[Dataset extract Boundary: Start]
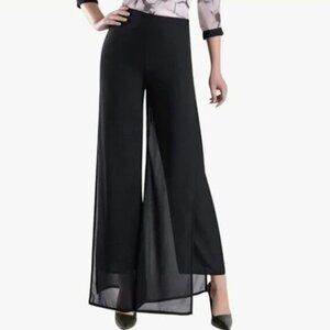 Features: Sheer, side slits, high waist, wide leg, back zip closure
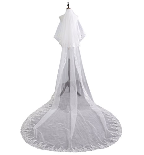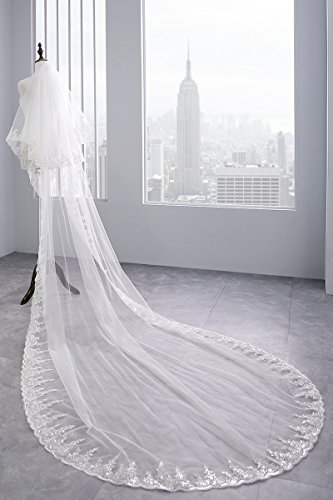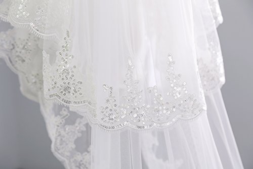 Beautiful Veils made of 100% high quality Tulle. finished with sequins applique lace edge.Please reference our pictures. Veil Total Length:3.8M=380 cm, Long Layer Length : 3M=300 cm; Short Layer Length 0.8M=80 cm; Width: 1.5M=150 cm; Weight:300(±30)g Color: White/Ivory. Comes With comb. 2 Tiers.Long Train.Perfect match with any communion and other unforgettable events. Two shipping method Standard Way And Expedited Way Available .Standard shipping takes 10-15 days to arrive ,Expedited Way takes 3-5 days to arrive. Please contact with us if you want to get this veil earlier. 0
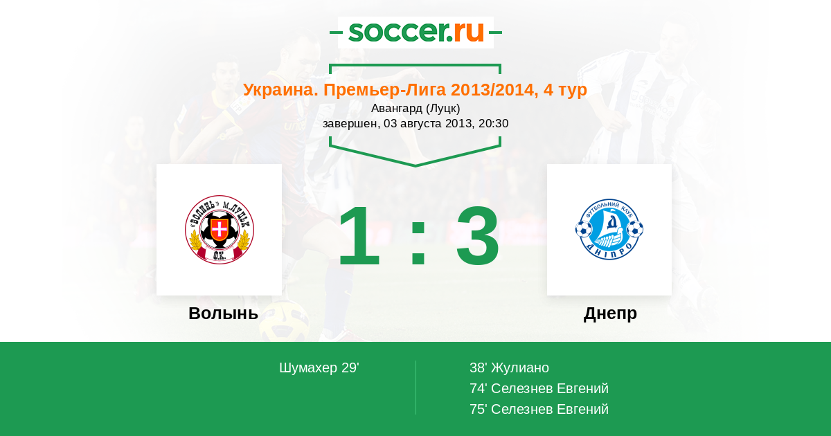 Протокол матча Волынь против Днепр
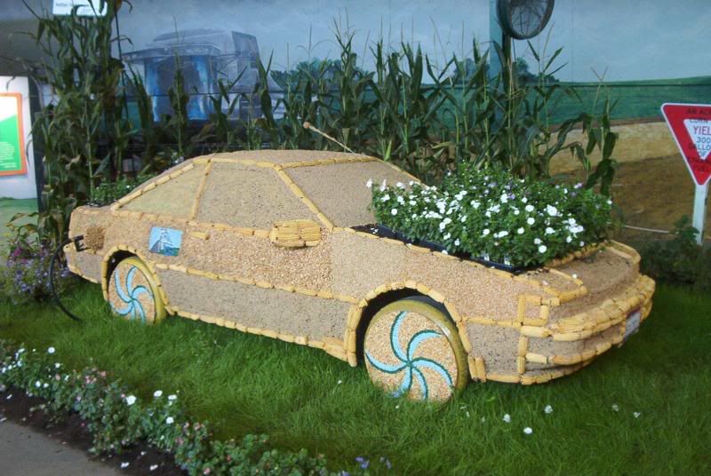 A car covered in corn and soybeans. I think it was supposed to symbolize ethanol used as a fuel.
[Dataset extract Boundary: End]
**What the task asks:** If the material above contains pictures, exclude them from an otherwise exact transcription.

**Solved exercise:**
 Features: Sheer, side slits, high waist, wide leg, back zip closure
 Beautiful Veils made of 100% high quality Tulle. finished with sequins applique lace edge.Please reference our pictures. Veil Total Length:3.8M=380 cm, Long Layer Length : 3M=300 cm; Short Layer Length 0.8M=80 cm; Width: 1.5M=150 cm; Weight:300(±30)g Color: White/Ivory. Comes With comb. 2 Tiers.Long Train.Perfect match with any communion and other unforgettable events. Two shipping method Standard Way And Expedited Way Available .Standard shipping takes 10-15 days to arrive ,Expedited Way takes 3-5 days to arrive. Please contact with us if you want to get this veil earlier. 0
 Протокол матча Волынь против Днепр
 A car covered in corn and soybeans. I think it was supposed to symbolize ethanol used as a fuel.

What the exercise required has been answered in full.